Anna MacGillivray Macleod DSc (15 May 1917 – 13 August 2004) was a Scottish biochemist and academic, an authority on brewing and distilling. She was a professor at Heriot-Watt University in Edinburgh. She was the world's first female Professor of Brewing and Biochemistry.

Family
Born in Kirkhill, she was the daughter of Margaret Ingram Sangster and Rev. Alasdair MacGillivray Macleod. Her family lineage traces to the Isle of Lewis, where her grandfather, Rev. George Macleod, was the Minister of Garrabost. Her father was also born on the Isle of Lewis. She was second cousin to politician and former Chancellor of the Exchequer, Iain Norman Macleod. Her family belongs to the branch of the Macleods of Pabbay and Uig.

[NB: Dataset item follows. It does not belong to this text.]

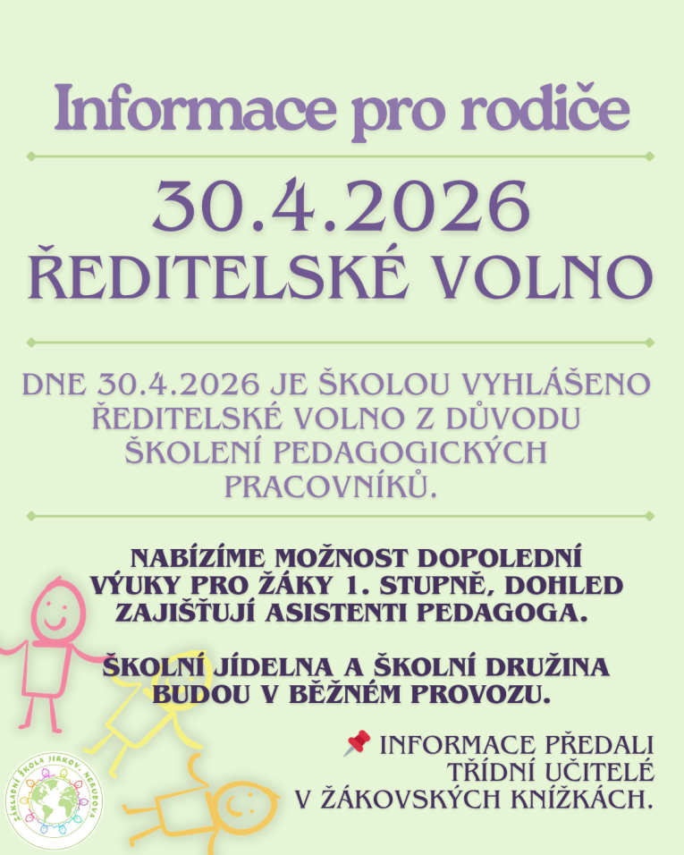 Upozornění: odhlášení či přihlášení obědů ve školní jídelně musí proběhnout vždy předešlý den do 14:00 hodin

Her father, Rev. Alasdair MacGillivray Macleod, was a Minister of the Church, died at an early age. He and her mother, Margaret Ingram Sangster were both in 1914 graduates of Aberdeen University. Her two brothers were both doctors of medicine: her elder brother was John George Macleod, editor of Davidson's Textbook of Medicine and the author of [[Macleod's Clinical Examination]], and her younger brother was Alasdair MacGillivray Macleod, a general practitioner in Linlithgow.Education and profession
Macleod was educated at Invergordon Academy and Edinburgh Ladies' College. In 1939 she graduated from University of Edinburgh with a BSc with honours in botany. She joined the faculty of Heriot-Watt University in 1945, where she remained until her retirement in 1977. She returned in 1951 to the University of Edinburgh to study for her PhD. In the late 1960s, she was awarded a Doctor of Science, from the university, for a thesis on the germination of barley.

In 1961, together with Leslie Samuel Cobley, she co-edited "Contemporary Botanical Thought", published by Oliver and Boyd. She edited the Journal of the Institute of Brewing'' from 1964 to 1976, and she was the first female President of that organisation (now the Institute of Brewing and Distilling), from 1970 to 1972. In 1975, she was appointed Professor of Brewing at Heriot-Watt University. In 1976, she was the recipient of the Horace Brown medal. She retired in 1977, as professor emeritus.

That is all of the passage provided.